European Economic
and Social Committee
Santé et sécurité au travail: défis actuels et futurs dans le contexte des technologies traditionnelles et nouvelles, avec une attention particulière pour l’intelligence artificielle
Points clés
Le CESE:
rappelle que la directive-cadre 89/391/CEE a considérablement amélioré la sécurité et la santé des travailleurs dans les États membres de l’UE. Toutefois, des efforts supplémentaires sont nécessaires pour garantir une mise en œuvre complète et efficace de ses dispositions. Le sommet de 2023 sur la sécurité et la santé au travail a souligné la nécessité d’une application plus stricte de la législation;
reconnaît le potentiel de l’IA et de la robotique pour créer des lieux de travail plus sûrs et plus sains. Il souligne l’importance de la mise en œuvre du cadre stratégique de l’UE en matière de SST au moyen de politiques fondées sur des données probantes et d’une collaboration tripartite. Une réglementation efficace est nécessaire pour prévenir les risques liés à la numérisation;
note que le travail évolue avec l’augmentation de l’interaction homme-machine, la prise de décision pilotée par l’IA et le travail à distance. La pandémie de COVID-19 a accéléré la transformation numérique, doublant la prévalence du travail à distance. Ces changements nécessitent une mise à jour des politiques de sécurité et de santé au travail afin de protéger les travailleurs;
souligne que les technologies numériques peuvent réduire ou introduire de nouveaux risques sur le lieu de travail, ce qui exige une vigilance réglementaire. Des mesures juridiques et négociées sont nécessaires pour gérer efficacement les risques émergents. Une approche proactive est essentielle pour garantir la sécurité des travailleurs dans un environnement de travail numérisé;
met en garde contre le retard de l’UE en matière de transformation numérique, notamment en ce qui concerne l’IA et l’innovation numérique, lequel retard affecte sa compétitivité.

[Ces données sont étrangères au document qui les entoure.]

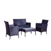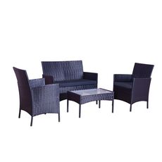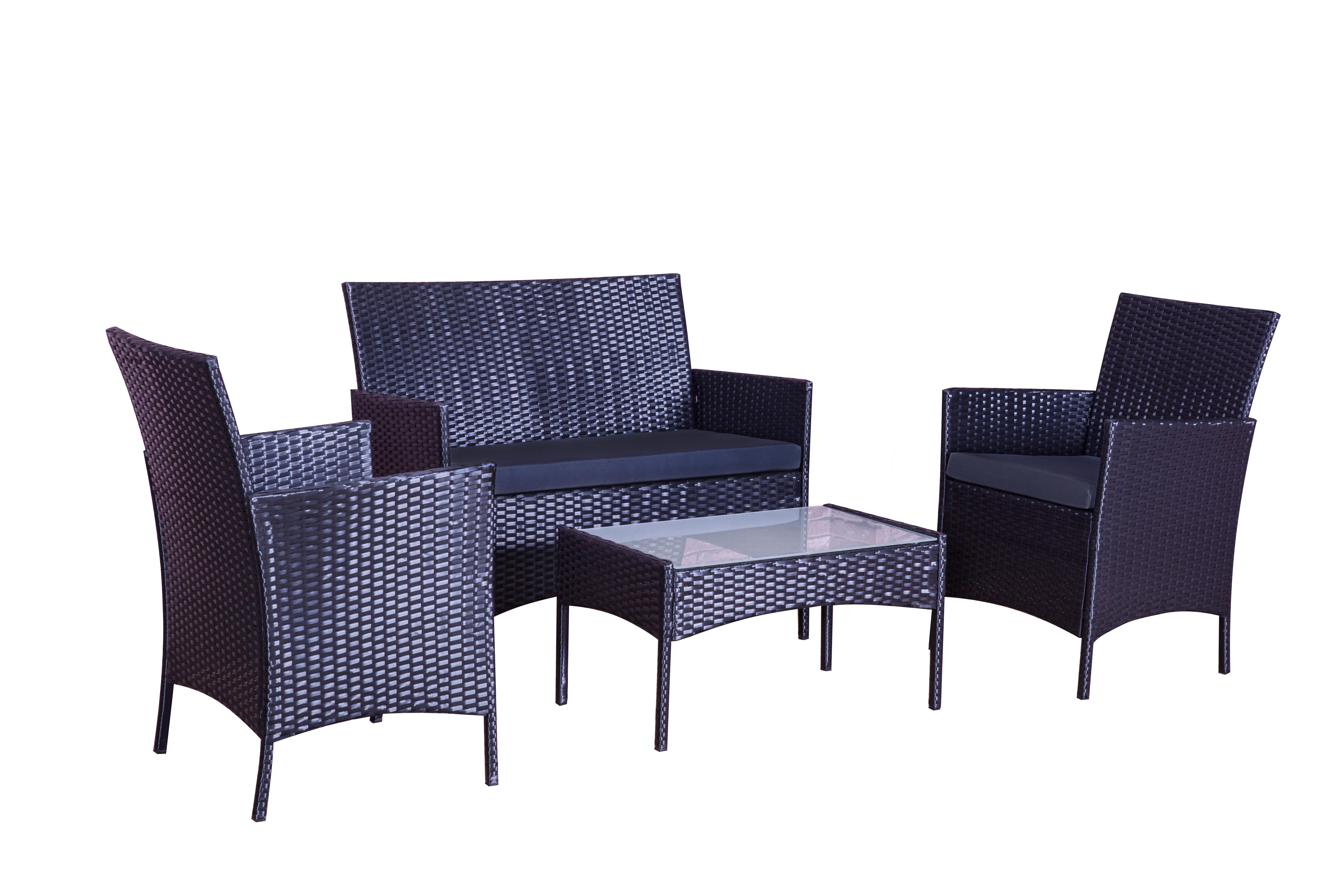 Salon de jardin 4 places en résine tressée Noir et coussins noirs MYKONOS

La transition numérique offre la possibilité d’améliorer la productivité tout en maintenant la cohésion sociale. Pour combler le fossé numérique, l’Europe doit accélérer ses efforts en matière de progrès technologique;
souligne la nécessité de développer les compétences numériques pour que les travailleurs restent pertinents sur le marché du travail et conservent leur autonomie. Les systèmes de gestion du travail basés sur l’IA présentent un risque de déqualification. Les politiques déployées devraient se concentrer sur l’apprentissage tout au long de la vie et la formation adaptée à la transformation numérique;
appelle à une réglementation solide de l’IA et à des garanties concernant les droits des travailleurs afin d’assurer un contrôle humain sur les systèmes de gestion du travail pilotés par l’IA. Les travailleurs, en particulier ceux des plateformes en ligne, devraient avoir des droits de consultation concernant le déploiement de l’IA. Des politiques transparentes sont nécessaires pour prévenir certains biais et discriminations dans les applications robotiques;
souligne l’importance de la formation et de l’alphabétisation en matière de sécurité et de santé au travail, en particulier lors de l’introduction de nouvelles technologies. De nombreux travailleurs ne disposent même pas de niveaux élémentaires de lecture, d’écriture et de résolution de problèmes, ce qui a une incidence sur leur capacité à comprendre les consignes de sécurité. Il est essentiel de combler ces lacunes pour assurer la sécurité sur le lieu de travail;
attire l’attention sur des préoccupations éthiques et juridiques liées à l’IA, celle-ci étant susceptible de perpétuer des stéréotypes sexistes, raciaux ou liés à l’âge ou au handicap, ce qui constitue un risque en matière de SST. Le cadre juridique de l’UE comprend 116 textes législatifs qui traitent de l’impact de l’IA sur le lieu de travail. Pour garantir des conditions de travail sûres et équitables, il faut que les travailleurs soient étroitement associés au déploiement de l’IA;
soulève des préoccupations concernant la surveillance des lieux de travail et la protection des données, et met en garde contre le caractère intrusif de la surveillance électronique, tout en reconnaissant ses avantages en matière de sécurité. L’UE devrait contrôler l’efficacité des réglementations existantes et introduire des mesures supplémentaires si nécessaire. La transparence dans la prise de décision en matière d’IA et la sécurité des données doivent être des priorités;
encourage les partenaires sociaux à jouer un rôle actif dans la réglementation de l’IA sur le lieu de travail par le biais de conventions collectives. Compte tenu du nombre limité d’accords de ce type, il appelle à un renforcement du dialogue social afin de garantir une approche de l’IA centrée sur l’homme. Il invite également la Commission européenne à fournir aux partenaires sociaux les ressources nécessaires, notamment au moyen d’un renforcement des capacités et la fourniture d’informations sur le cadre réglementaire existant, afin de leur permettre de relever efficacement les défis de la numérisation.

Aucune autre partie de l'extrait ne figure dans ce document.